» Task description
Output the listing word for word, minus pictures.

» Information supplied
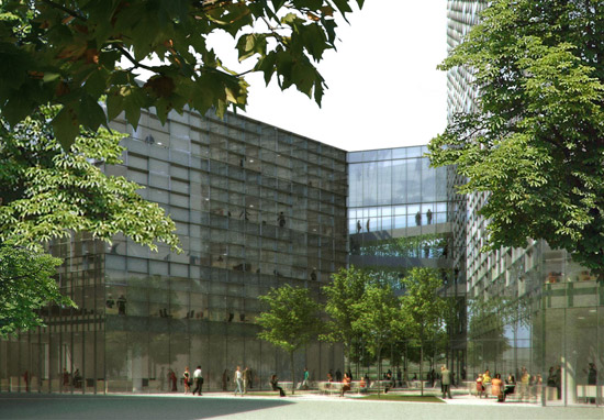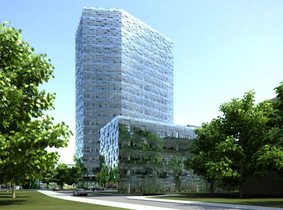 3LHD建筑事務(wù)所設(shè)計(jì)的miramare商業(yè)中心,位于克羅地亞·薩格勒布市Miramarska街與Bednjanska街的交叉口處,這里也是兩種城市觀念的碰撞點(diǎn):北半部分是薩格勒布市典型的貧民區(qū),被鐵路線封閉;而在南半部分則絕大部分是公共與社會(huì)建筑,充滿了現(xiàn)代化特征。該項(xiàng)目由兩個(gè)相互影響的建筑體塊組成,一個(gè)有20層,一個(gè)有5層,這樣就既滿足了規(guī)劃目標(biāo),又與鄰近建筑保持和諧統(tǒng)一;同時(shí),兩個(gè)建筑體塊間的中庭又將建筑體與周邊的步行區(qū)聯(lián)系起來。建筑體地下層預(yù)留做車庫,一層用于商店、酒吧以及餐廳。在建筑體中,有20,000平方米的辦公空間,在樓頂還有一處獨(dú)特的觀景臺(tái)。建筑立面簡(jiǎn)潔,但又很吸引人。進(jìn)進(jìn)出出的玻璃塊,給建筑體帶來強(qiáng)烈的可識(shí)別性。
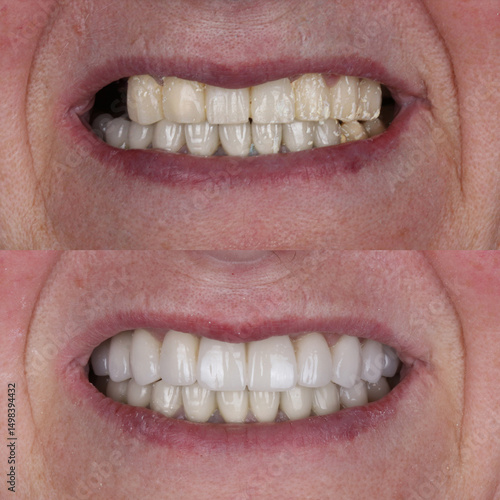© UniqDream, Fototapeta premium Dental implant treatment with oral surgery. Treatment of tooth loss. Porcelain dental prosthesis placed on implants embedded in the jawbone. Dental before after and smile makeover.
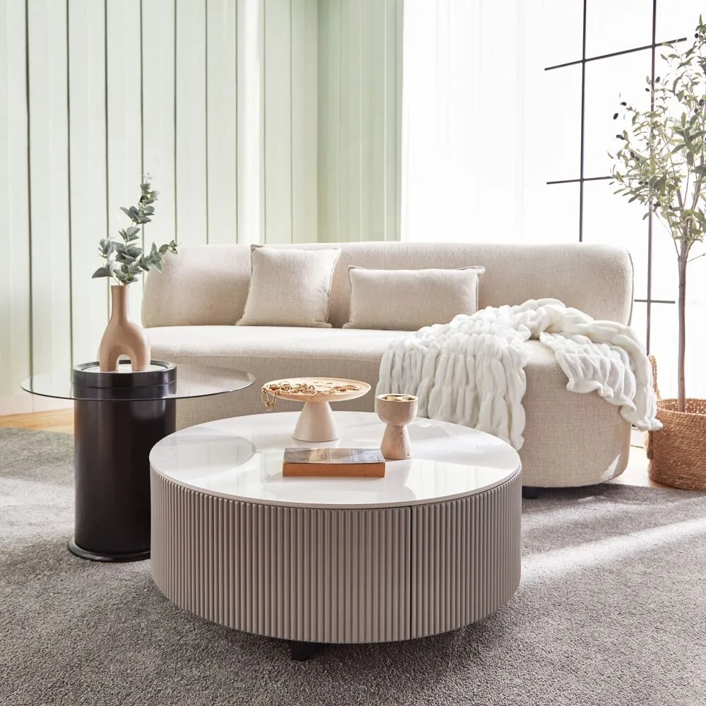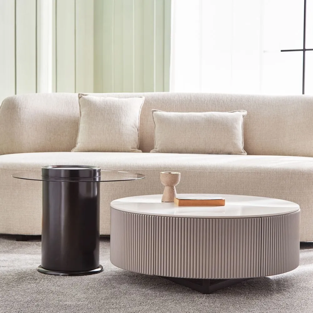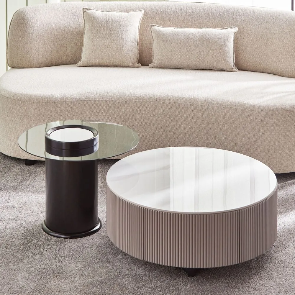 طاولة 1 القُطر: 80 سم x الوزن: 48 كجم x الارتفاع: 33 سم طاولة 2 القُطر: 58 سم x الوزن: 12 كجم x الارتفاع: 47 سم |
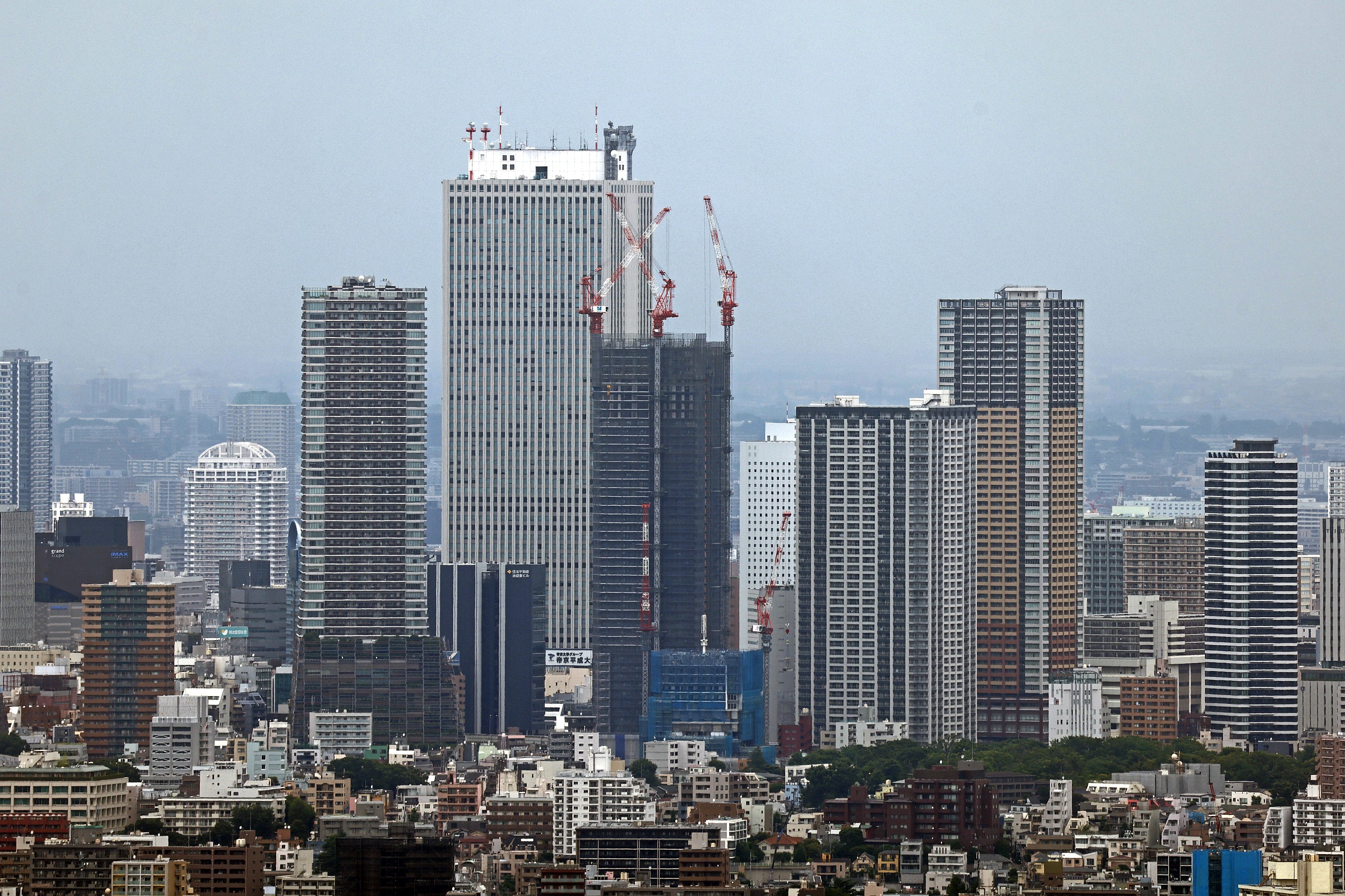 ¡¡2025ǯ6·î14Æü¤Ë»£±Æ¤·¤¿¡Ö¥×¥é¥¦¥É¥¿¥ï¡¼ÃÓÂÞ¡×(ÃϾå47³¬¡¢¹â¤µ182m)¤Î·úÀßÃϤǤ¹¡£º¸¸å¤í¤Ç·úÀßÃæ¤Î¥¿¥ï¡¼¥Þ¥ó¥·¥ç¥ó¤¬¡Ö¥°¥é¥ó¥É¥·¥Æ¥£¥¿¥ï¡¼ÃÓÂÞ¡×(ÃϾå52³¬¡¢¹â¤µ189.88m)¤Ç¤¹¡£

» Written response
 3LHD建筑事務(wù)所設(shè)計(jì)的miramare商業(yè)中心,位于克羅地亞·薩格勒布市Miramarska街與Bednjanska街的交叉口處,這里也是兩種城市觀念的碰撞點(diǎn):北半部分是薩格勒布市典型的貧民區(qū),被鐵路線封閉;而在南半部分則絕大部分是公共與社會(huì)建筑,充滿了現(xiàn)代化特征。該項(xiàng)目由兩個(gè)相互影響的建筑體塊組成,一個(gè)有20層,一個(gè)有5層,這樣就既滿足了規(guī)劃目標(biāo),又與鄰近建筑保持和諧統(tǒng)一;同時(shí),兩個(gè)建筑體塊間的中庭又將建筑體與周邊的步行區(qū)聯(lián)系起來。建筑體地下層預(yù)留做車庫,一層用于商店、酒吧以及餐廳。在建筑體中,有20,000平方米的辦公空間,在樓頂還有一處獨(dú)特的觀景臺(tái)。建筑立面簡(jiǎn)潔,但又很吸引人。進(jìn)進(jìn)出出的玻璃塊,給建筑體帶來強(qiáng)烈的可識(shí)別性。
© UniqDream, Fototapeta premium Dental implant treatment with oral surgery. Treatment of tooth loss. Porcelain dental prosthesis placed on implants embedded in the jawbone. Dental before after and smile makeover.
 طاولة 1 القُطر: 80 سم x الوزن: 48 كجم x الارتفاع: 33 سم طاولة 2 القُطر: 58 سم x الوزن: 12 كجم x الارتفاع: 47 سم |
 ¡¡2025ǯ6·î14Æü¤Ë»£±Æ¤·¤¿¡Ö¥×¥é¥¦¥É¥¿¥ï¡¼ÃÓÂÞ¡×(ÃϾå47³¬¡¢¹â¤µ182m)¤Î·úÀßÃϤǤ¹¡£º¸¸å¤í¤Ç·úÀßÃæ¤Î¥¿¥ï¡¼¥Þ¥ó¥·¥ç¥ó¤¬¡Ö¥°¥é¥ó¥É¥·¥Æ¥£¥¿¥ï¡¼ÃÓÂÞ¡×(ÃϾå52³¬¡¢¹â¤µ189.88m)¤Ç¤¹¡£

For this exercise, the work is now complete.